Prior to and following these sense-making workshops, depending on their availability, co-researchers also reviewed all their own photographs to highlight their favourites, if any. Each co-researcher had the opportunity to select four of their favourite or most meaningful photographs to exhibit. These were selected through individual conversations in-person, on whatsapp and phone calls between the principal researcher and the co-researchers, including inputs from the assisting curator when co-researchers were unsure what photographs they wanted to exhibit. Participatory mapping exercises were also carried out during these sense-making workshops. Co-researchers were asked to mark areas of cultural significance on an A1-sized printed map of Algoa Bay. Different coloured markers signified different relationships with the ocean and coast, as recognised by the final themes identified by co-researchers following the initial discussions, which included the initial themes in addition to ‘mental health and wellbeing’ and ‘possible future uses and connections’. This process of participatory mapping resulted in discussions around the overlapping uses and significance of many places and areas, how to best manage such areas, the role of stewardship, particularly the ways in which people currently cared for the oceans and coast, and how residents could and should be further involved in decision-making in the future.
The research process of co-producing knowledge on indivudials’ relationship to the ocean and coast in Algoa Bay took more or less 12 months, including the multimedia exhibition and multi-stakeholder workshop. The former exhibited four photographs with accompanying snippets of stories as well as audio recordings of each co-researcher (96 photographs in total), whilst the workshop brought together the co-researchers as well as local municipal coastal managers and representatives from relevant authorities such as MSP, conservation, heritage and industry management to explore pathways to acknowledge and recognise this knowledge in future ocean management. Whilst this paper outlines steps 1-4, these further steps will be reported on in future publications.
This study has institutional ethics clearance from Nelson Mandela University. Co-researchers were approached prior to the study with both verbal and written information about the study process, timeline and planned engagements. All workshops and engagements were conducted with informed consent (ethics number H21-BES-DEV-007).
The results of this study can be divided into three interconnected findings. Firstly, the initial outreach, shaping and cross-learning workshops highlighted a strong sense of exclusion from and lack of access to coastal and ocean areas where Indigenous and local communities have depended on for spiritual, cultural and recreational purposes for generations.

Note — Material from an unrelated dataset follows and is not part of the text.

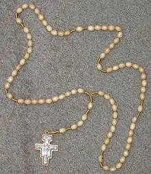 The Franciscan Crown (or Seraphic Rosary) is a rosary consisting of seven decades in commemoration of the Seven Joys of the Virgin, namely, the Annunciation, the Visitation, the Nativity of Jesus, the Adoration of the Magi, the Finding in the Temple, the Resurrection of Jesus, and finally, either or both the Assumption of Mary and the Coronation of the Virgin. Devotion to the seven joys of Mary is found in a variety of forms and communities. It is especially popular with the Franciscans, Cistercians, and the Annunciades of St. Joan of France. The devotion was granted many indulgences by different Popes, becoming the most heavily indulgenced devotion in the Church. In order for any associated indulgences to be received it was not necessary for a Franciscan rosary to have been blessed or even to use beads at all.[1]

Secondly, the in situ storytelling and photography identifies themes of cultural, spiritual and traditional connections to the ocean and coast. These connections and values are often in conflict with current economic and environmental priorities in the Bay, at least when it comes to the significance of specific areas and places. Finally, this study finds that the use of ABPR allows for remembering the past and imagining more inclusive futures where local communities have more of a say in the stewardship of their coast and ocean. In each section we suggest ways in which ocean management could be reconceptualised or reimagined.
4.1 Exclusion and Lack of Access to the Ocean and Coast
In initial outreach, scoping and learning workshops, themes of exclusion, lack of access and a sense of loss when it comes to ocean and coastal connections and practises were identified. For small-scale or subsistence fishers6 this often involves strict permit regulations or closed off stretches of coast, estuaries or rivers. For Khoisan co-researchers this sometimes means fenced-off areas, nature reserves and paywalls where there are sacred historical heritage sites, ancient Khoisan fish traps or places along the coast that are important for ceremonies, rituals or specific events that they are unable to access. The fact that you have to pay to access some beaches, coastal areas and river banks, that there are fenced-off areas such as mostly white, higher income earner areas that have private properties that extend all the way to river banks or industrial development zones reminds the co-researchers of institutionalised racial segregation during colonialism and apartheid. These paywalls and physical barriers to the ocean continue to limit access to learning, recreational use and building further connections to the ocean and coast for themselves, their families and communities (see Figure 2).
Figure 2 Photograph of a beach in Algoa Bay with a fence in front of it. Many areas are now fenced off for people to use, often with expensive paywalls.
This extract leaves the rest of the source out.